__WHAT YOU WILL DO__: Nothing but the lines below from the one holding "- This kit includes" up to and including the one holding "Dankzij de opbergla" should be copied, exactly and without pictures.

__RECORDS SHOWN__:
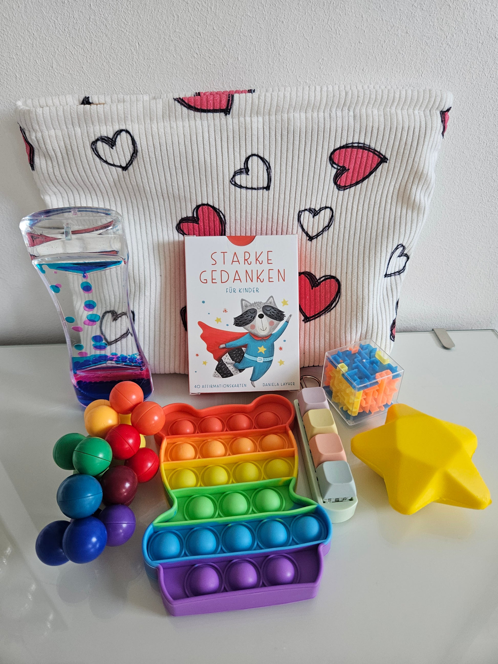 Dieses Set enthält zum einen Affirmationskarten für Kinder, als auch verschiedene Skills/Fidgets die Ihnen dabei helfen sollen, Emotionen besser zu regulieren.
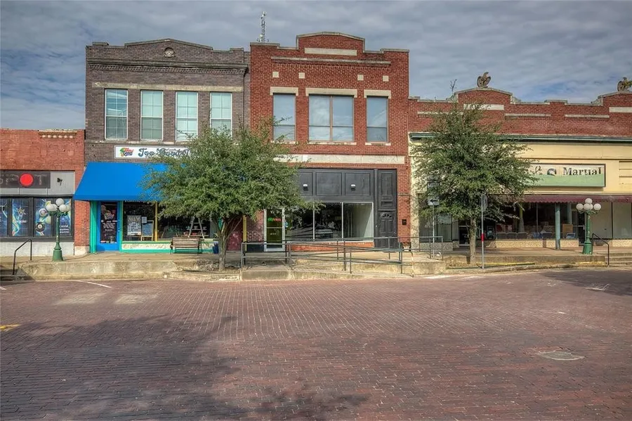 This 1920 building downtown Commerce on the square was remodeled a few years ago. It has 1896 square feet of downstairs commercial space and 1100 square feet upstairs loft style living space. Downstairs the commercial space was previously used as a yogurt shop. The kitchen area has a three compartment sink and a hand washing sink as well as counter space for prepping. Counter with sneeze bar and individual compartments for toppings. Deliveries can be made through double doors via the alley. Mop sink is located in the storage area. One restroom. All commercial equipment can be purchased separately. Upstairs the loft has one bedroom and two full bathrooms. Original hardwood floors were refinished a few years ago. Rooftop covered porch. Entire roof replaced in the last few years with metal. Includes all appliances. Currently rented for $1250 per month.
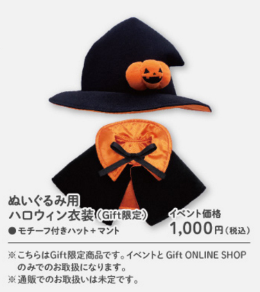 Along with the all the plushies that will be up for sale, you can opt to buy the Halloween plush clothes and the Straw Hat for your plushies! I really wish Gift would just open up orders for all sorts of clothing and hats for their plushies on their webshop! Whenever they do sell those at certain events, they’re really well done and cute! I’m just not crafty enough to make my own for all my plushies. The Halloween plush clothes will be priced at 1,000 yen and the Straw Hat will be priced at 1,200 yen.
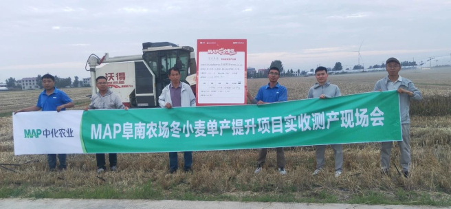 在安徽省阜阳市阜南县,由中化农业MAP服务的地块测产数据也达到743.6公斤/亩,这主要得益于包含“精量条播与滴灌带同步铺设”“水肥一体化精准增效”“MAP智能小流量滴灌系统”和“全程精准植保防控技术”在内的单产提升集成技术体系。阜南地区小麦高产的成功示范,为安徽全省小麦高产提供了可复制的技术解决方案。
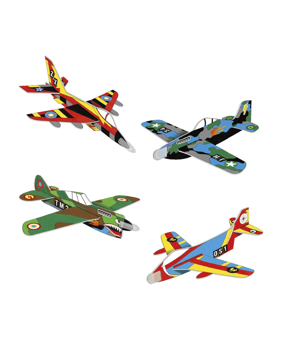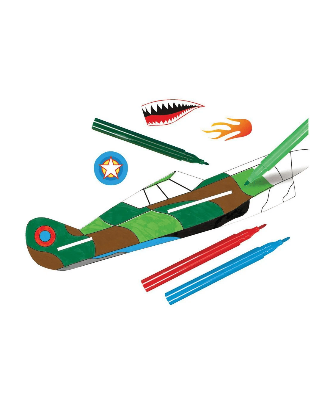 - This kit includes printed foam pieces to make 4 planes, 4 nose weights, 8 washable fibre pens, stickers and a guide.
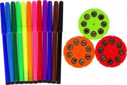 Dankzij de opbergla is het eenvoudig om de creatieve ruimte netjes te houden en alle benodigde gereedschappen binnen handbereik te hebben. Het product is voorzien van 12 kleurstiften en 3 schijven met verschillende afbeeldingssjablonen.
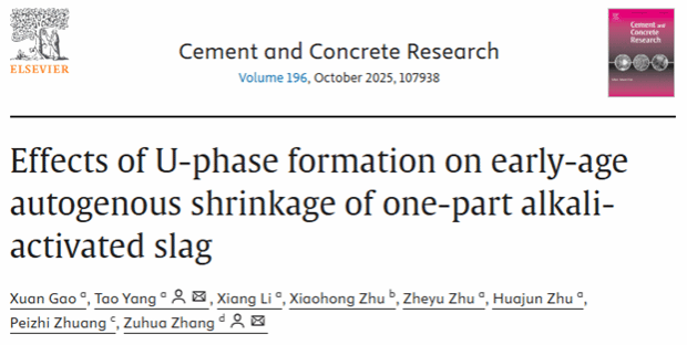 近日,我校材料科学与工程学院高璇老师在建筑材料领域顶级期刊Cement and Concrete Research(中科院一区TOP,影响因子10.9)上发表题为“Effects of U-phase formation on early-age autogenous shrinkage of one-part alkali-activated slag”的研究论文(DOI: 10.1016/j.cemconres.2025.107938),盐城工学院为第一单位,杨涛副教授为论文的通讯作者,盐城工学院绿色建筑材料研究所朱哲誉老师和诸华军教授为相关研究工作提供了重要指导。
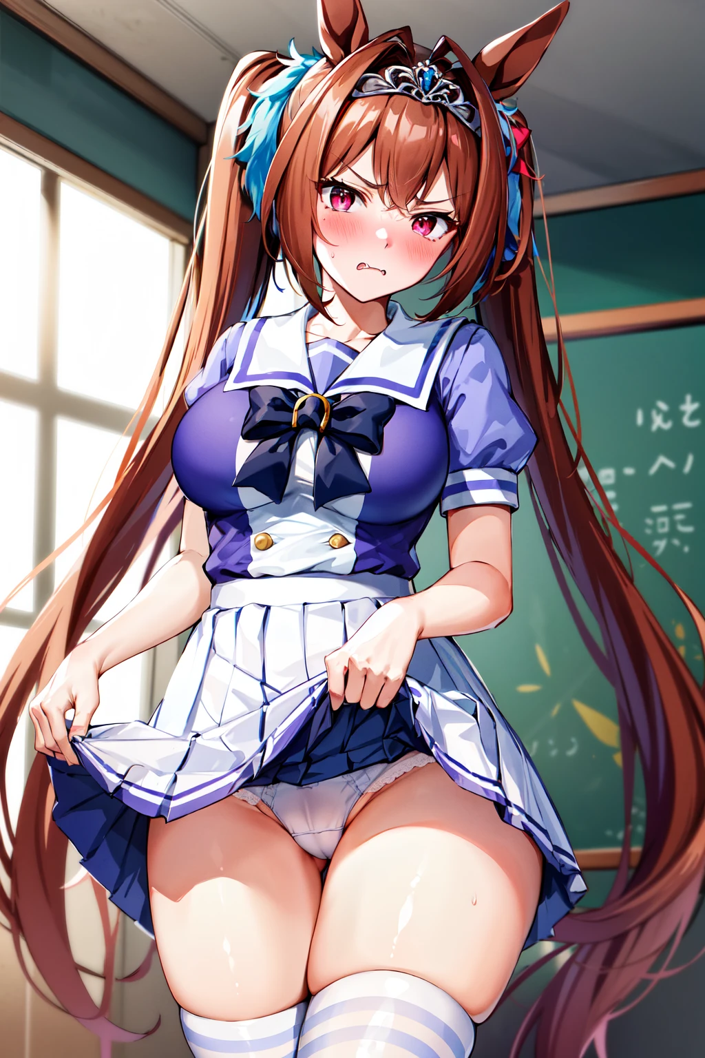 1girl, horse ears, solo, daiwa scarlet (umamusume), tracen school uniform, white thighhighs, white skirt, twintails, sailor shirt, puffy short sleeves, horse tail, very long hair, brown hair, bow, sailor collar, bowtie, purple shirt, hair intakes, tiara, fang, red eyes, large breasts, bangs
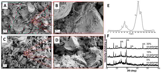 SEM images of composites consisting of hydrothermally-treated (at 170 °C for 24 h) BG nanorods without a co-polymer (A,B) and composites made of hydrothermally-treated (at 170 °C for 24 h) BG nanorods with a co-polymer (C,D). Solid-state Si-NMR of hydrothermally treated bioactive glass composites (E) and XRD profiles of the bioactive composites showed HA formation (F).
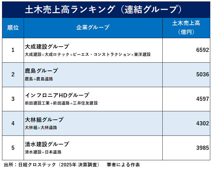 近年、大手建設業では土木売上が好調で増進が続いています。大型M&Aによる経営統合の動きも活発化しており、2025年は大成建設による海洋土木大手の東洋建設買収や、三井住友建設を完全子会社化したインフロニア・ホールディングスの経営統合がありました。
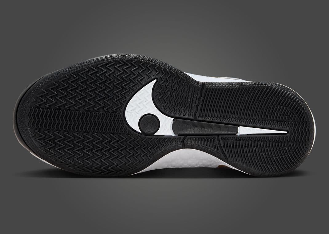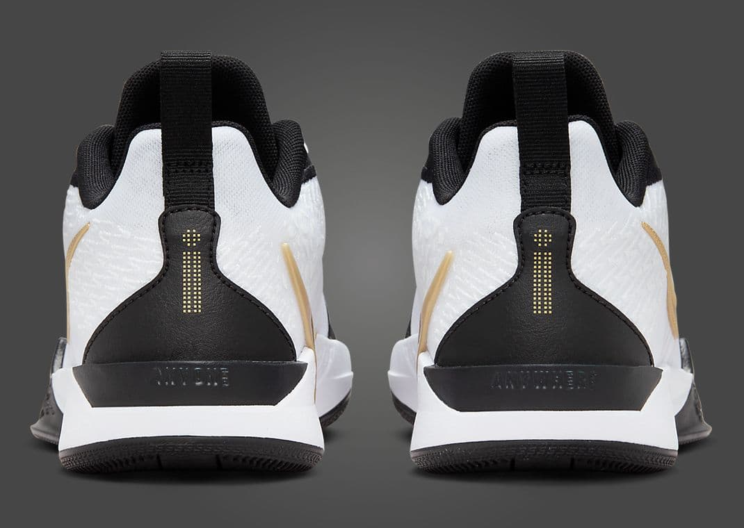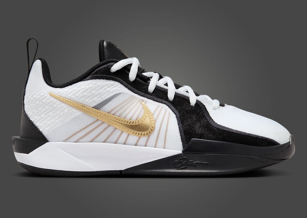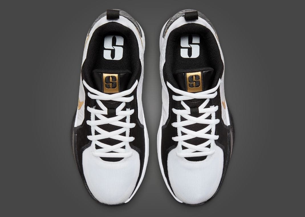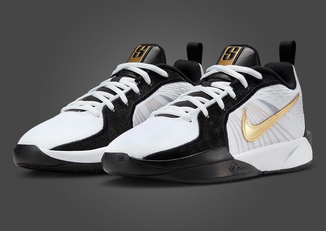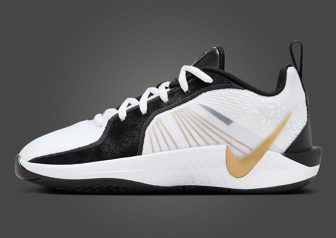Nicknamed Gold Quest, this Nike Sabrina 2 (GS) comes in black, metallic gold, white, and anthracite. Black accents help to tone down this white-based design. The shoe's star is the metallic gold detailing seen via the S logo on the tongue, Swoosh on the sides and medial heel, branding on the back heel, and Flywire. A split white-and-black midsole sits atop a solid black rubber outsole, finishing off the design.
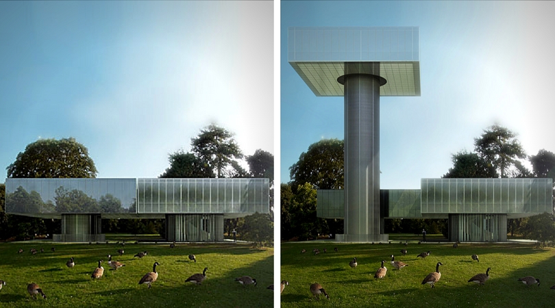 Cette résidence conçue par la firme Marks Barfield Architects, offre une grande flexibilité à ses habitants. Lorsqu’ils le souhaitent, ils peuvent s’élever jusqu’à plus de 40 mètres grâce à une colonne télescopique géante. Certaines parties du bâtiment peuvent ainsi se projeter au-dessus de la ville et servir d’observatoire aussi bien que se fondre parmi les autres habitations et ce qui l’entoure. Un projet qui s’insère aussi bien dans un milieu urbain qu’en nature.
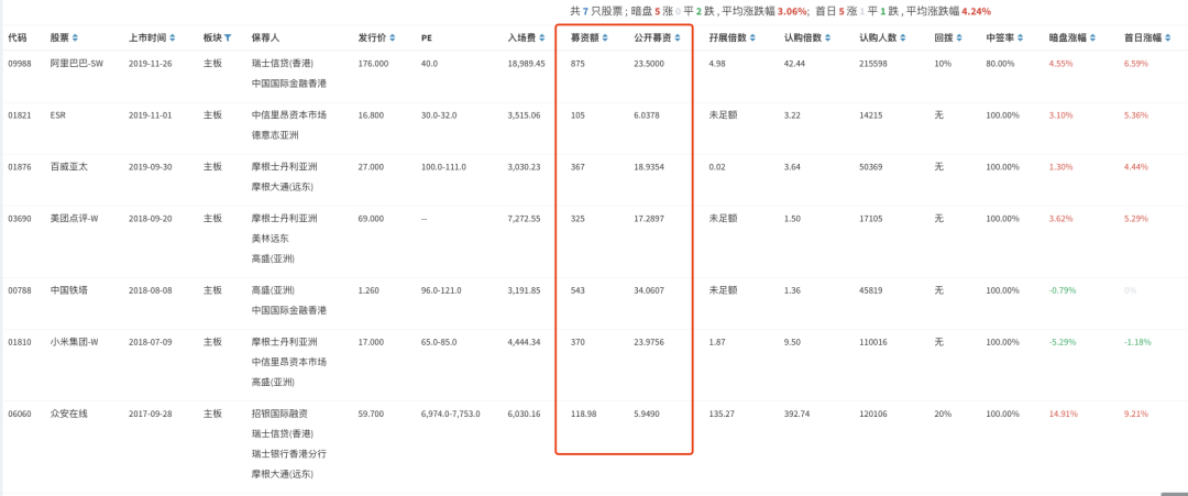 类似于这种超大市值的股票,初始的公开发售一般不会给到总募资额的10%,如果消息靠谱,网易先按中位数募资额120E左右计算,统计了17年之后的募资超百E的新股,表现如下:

__ANSWER BOX__:
 - This kit includes printed foam pieces to make 4 planes, 4 nose weights, 8 washable fibre pens, stickers and a guide.
 Dankzij de opbergla is het eenvoudig om de creatieve ruimte netjes te houden en alle benodigde gereedschappen binnen handbereik te hebben. Het product is voorzien van 12 kleurstiften en 3 schijven met verschillende afbeeldingssjablonen.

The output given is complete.